Il coronavirus in auto: quanto tempo resiste?

Il coronavirus si diffonde mediante le particelle d’aria contenenti i virioni infettivi. Una ricerca dell’Università della Florida ha quantificato la presenza del virus all’interno di un’auto.

Gli studiosi hanno chiesto ad una paziente con sintomi moderati di Covid-19 (senza febbre e tosse) di guidare la sua vecchia auto, senza mascherina, con i finestrini chiusi e l’aria condizionata accesa, percorrendo il tragitto dalla clinica a casa (15 minuti) con un dispositivo che filtra le particelle d’aria in base alla loro dimensione, attaccato allo specchietto centrale. In auto la temperatura oscillava tra i 22,8 e i 24,2 gradi e l’umidità tra il 42,5% e il 55,2%. Due ore dopo, un tecnico, con le protezioni necessarie, ha recuperato il dispositivo e lo ha portato in laboratorio per le analisi. L’RNA, presente nei campioni, è stato estratto e il SARS-CoV-2 rilevato in ciascuno dei quattro compartimenti del filtro, cioè in particelle di dimensioni comprese tra 0,2 e 2,5 micrometri. Le particelle con più virus erano quelle più piccole.

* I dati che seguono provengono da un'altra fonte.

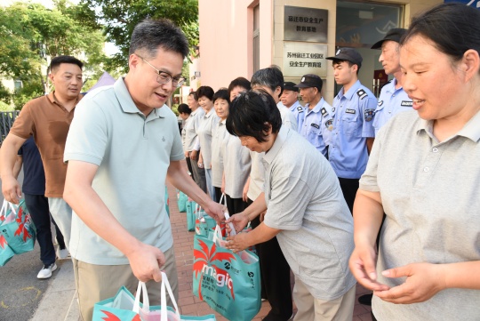入伏以來,宿遷持續(xù)高溫晴熱天氣,給堅(jiān)守一線崗位的勞動者帶來不小挑戰(zhàn)。為有效落實(shí)防暑降溫措施,切實(shí)保障一線員工身體健康與作業(yè)安全,7月24日,建發(fā)公司組織開展了一線員工高溫慰問活動。公司副總經(jīng)理倪松、相關(guān)部門負(fù)責(zé)人參加了慰問。

Per verificare la capacità del materiale genetico identificato di produrre effetti patogeni, i ricercatori lo hanno inoculato nelle cellule di una scimmia. Gli effetti negativi sulle cellule sono diventati evidenti tre giorni dopo l’inoculo del materiale genetico raccolto nel filtro contenente le piccole particelle, mentre nessun segno di infezione era presente nelle cellule che erano state infettate con il materiale genetico ottenuto dagli altri scomparti del filtro, contenenti le particelle più grandi.

Gli autori hanno concluso che i dati ottenuti evidenziano il rischio potenziale di trasmissione del coronavirus da parte di persone con sintomi minimi nello spazio ristretto di un’auto. Lo studio deve essere sottoposto a peer review, la procedura di valutazione e di selezione degli articoli o dei progetti di ricerca effettuata da specialisti del settore per verificarne l’idoneità alla pubblicazione o al finanziamento.